• **GIVEN ENTRIES**:
=== Section Start ===

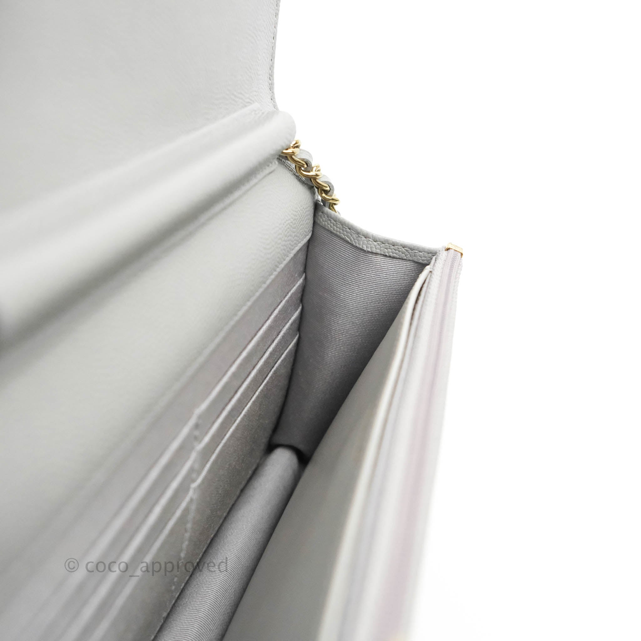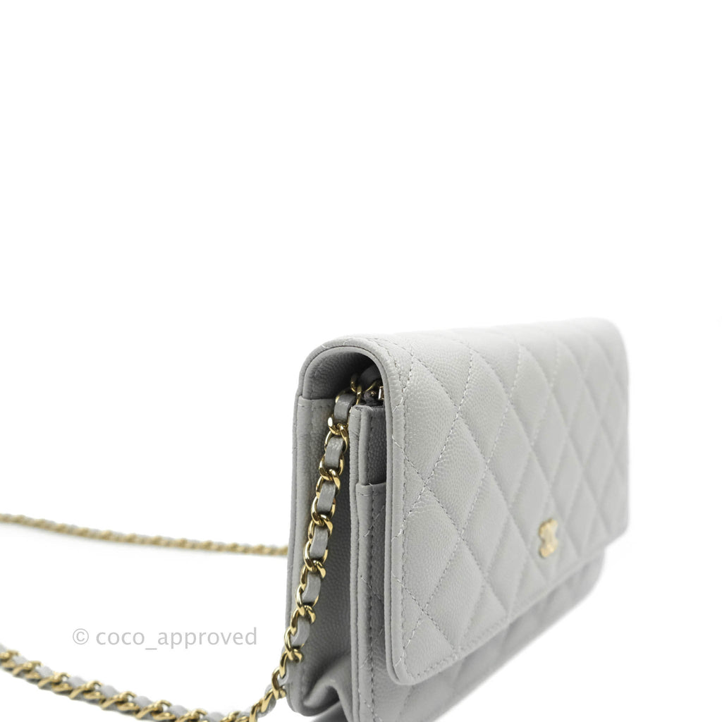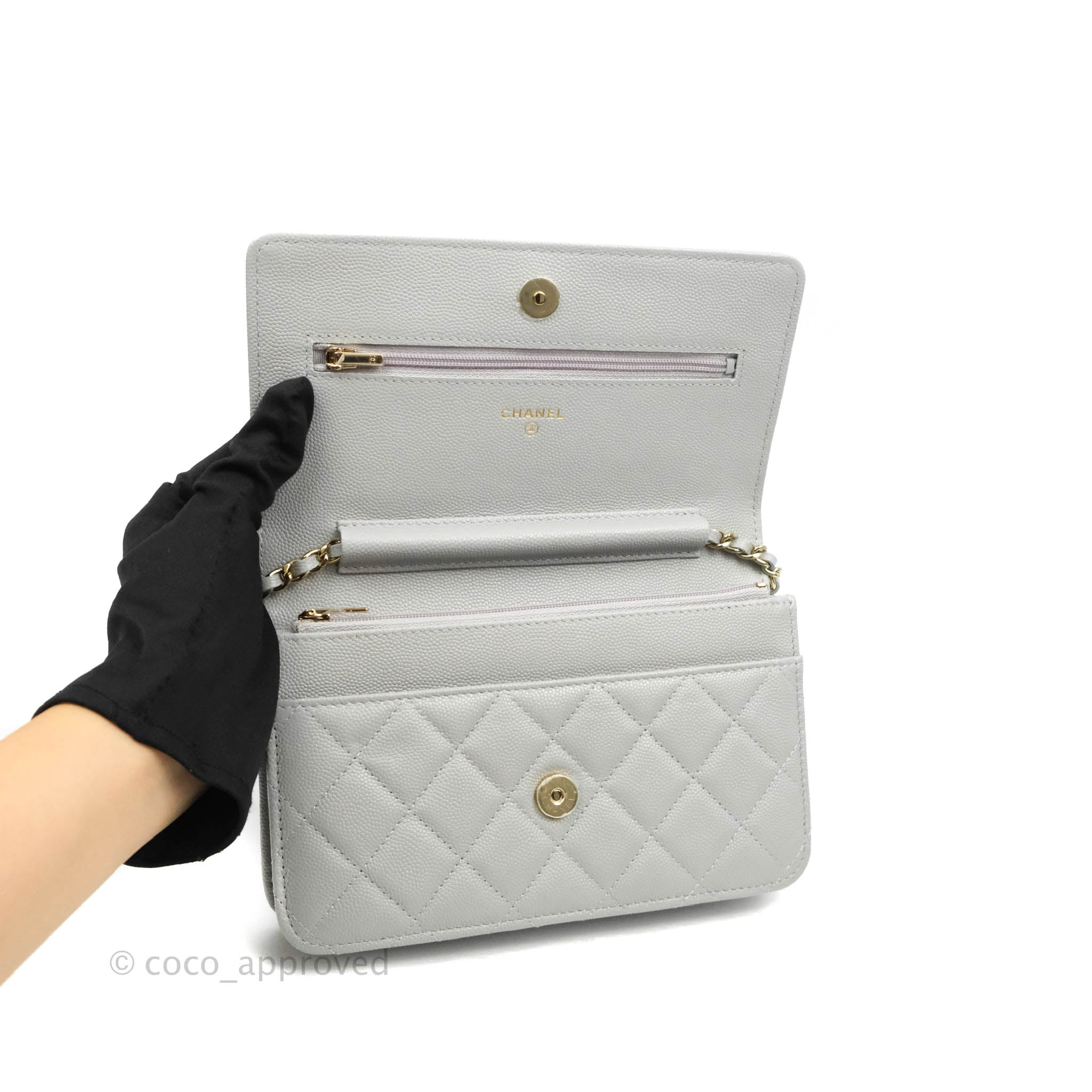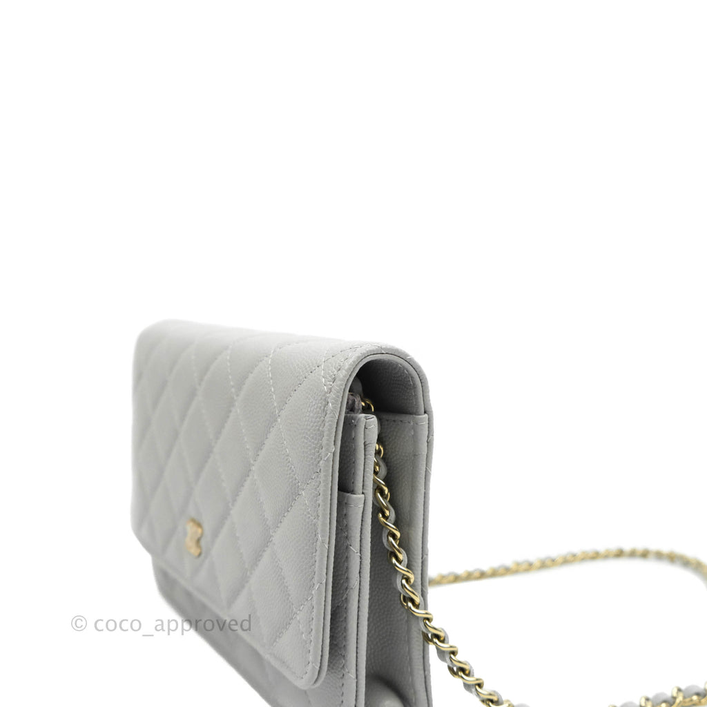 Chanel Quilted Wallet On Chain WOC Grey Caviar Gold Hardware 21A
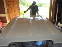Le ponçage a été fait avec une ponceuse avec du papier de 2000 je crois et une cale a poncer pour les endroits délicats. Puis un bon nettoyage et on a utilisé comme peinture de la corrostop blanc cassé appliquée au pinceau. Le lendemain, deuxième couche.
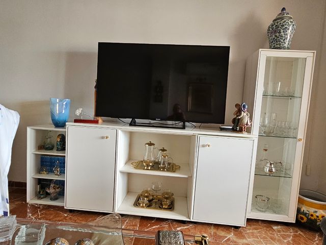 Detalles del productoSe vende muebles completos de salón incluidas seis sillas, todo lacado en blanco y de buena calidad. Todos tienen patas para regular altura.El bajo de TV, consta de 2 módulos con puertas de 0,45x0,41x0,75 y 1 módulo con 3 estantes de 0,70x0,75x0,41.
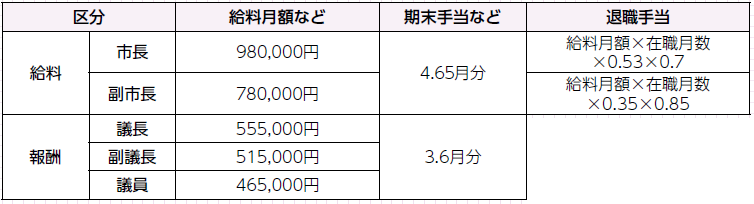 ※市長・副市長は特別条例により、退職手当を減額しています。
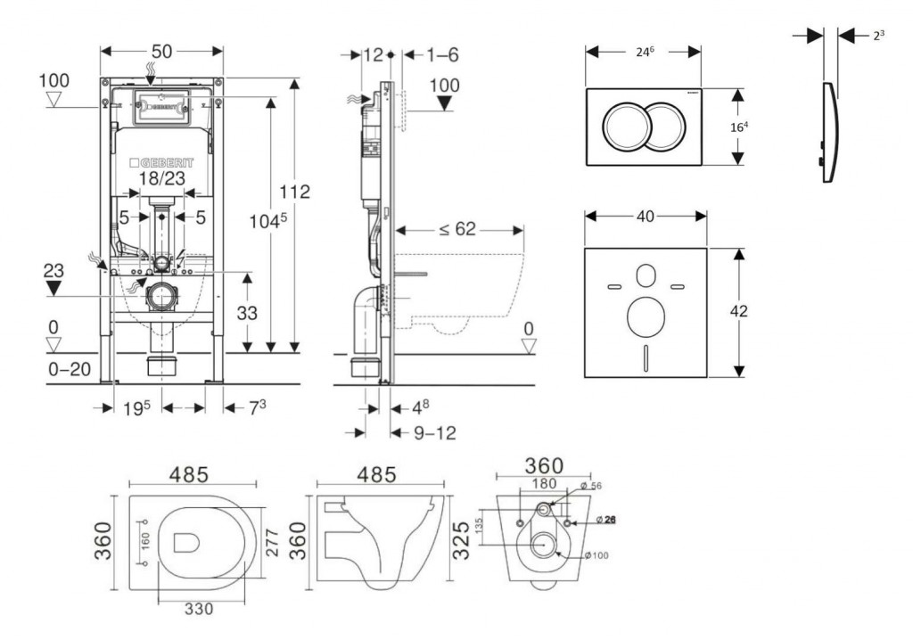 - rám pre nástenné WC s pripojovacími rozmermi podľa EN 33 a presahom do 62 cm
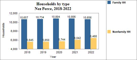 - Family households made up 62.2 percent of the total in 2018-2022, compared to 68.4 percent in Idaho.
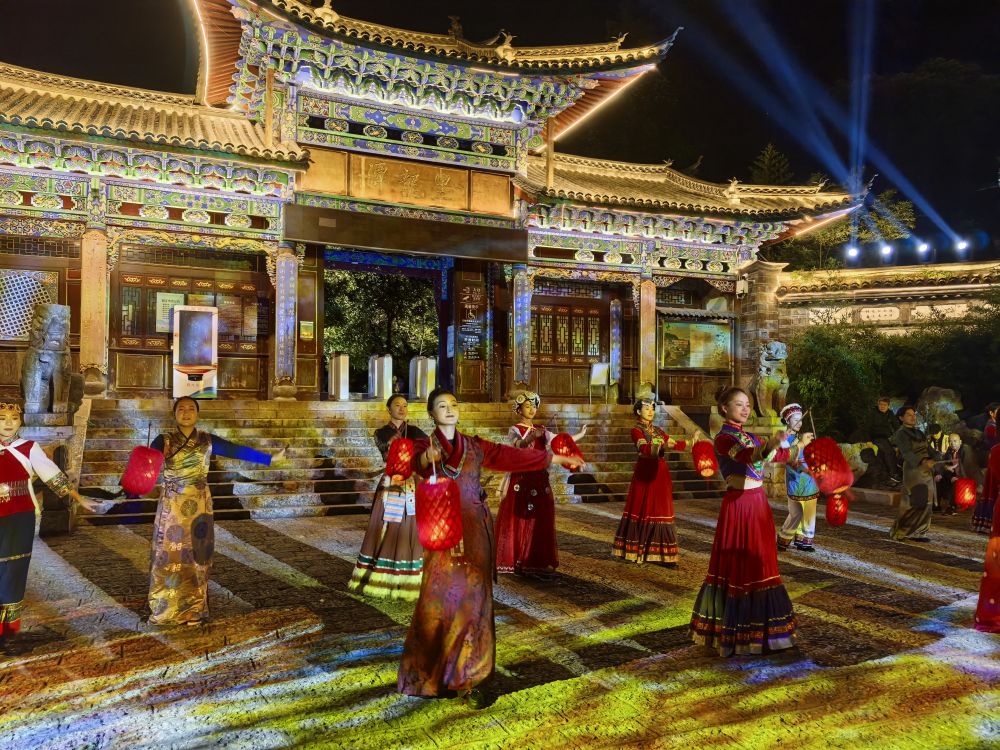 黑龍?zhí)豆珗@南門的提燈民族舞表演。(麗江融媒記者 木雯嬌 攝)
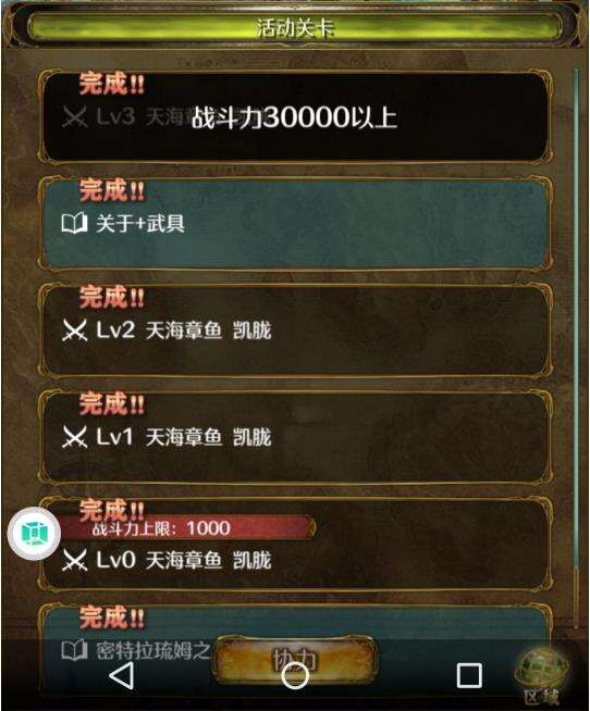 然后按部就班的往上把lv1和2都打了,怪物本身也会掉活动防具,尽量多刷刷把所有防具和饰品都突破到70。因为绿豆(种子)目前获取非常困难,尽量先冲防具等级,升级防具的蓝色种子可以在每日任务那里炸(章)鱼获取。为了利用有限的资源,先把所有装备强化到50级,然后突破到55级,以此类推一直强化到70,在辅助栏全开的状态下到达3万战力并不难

=== Section End ===

The expected output is every line of the data, unchanged, with the pictures skipped.

• **TASK ANSWER**:
 Chanel Quilted Wallet On Chain WOC Grey Caviar Gold Hardware 21A
Le ponçage a été fait avec une ponceuse avec du papier de 2000 je crois et une cale a poncer pour les endroits délicats. Puis un bon nettoyage et on a utilisé comme peinture de la corrostop blanc cassé appliquée au pinceau. Le lendemain, deuxième couche.
 Detalles del productoSe vende muebles completos de salón incluidas seis sillas, todo lacado en blanco y de buena calidad. Todos tienen patas para regular altura.El bajo de TV, consta de 2 módulos con puertas de 0,45x0,41x0,75 y 1 módulo con 3 estantes de 0,70x0,75x0,41.
 ※市長・副市長は特別条例により、退職手当を減額しています。
 - rám pre nástenné WC s pripojovacími rozmermi podľa EN 33 a presahom do 62 cm
 - Family households made up 62.2 percent of the total in 2018-2022, compared to 68.4 percent in Idaho.
 黑龍?zhí)豆珗@南門的提燈民族舞表演。(麗江融媒記者 木雯嬌 攝)
 然后按部就班的往上把lv1和2都打了,怪物本身也会掉活动防具,尽量多刷刷把所有防具和饰品都突破到70。因为绿豆(种子)目前获取非常困难,尽量先冲防具等级,升级防具的蓝色种子可以在每日任务那里炸(章)鱼获取。为了利用有限的资源,先把所有装备强化到50级,然后突破到55级,以此类推一直强化到70,在辅助栏全开的状态下到达3万战力并不难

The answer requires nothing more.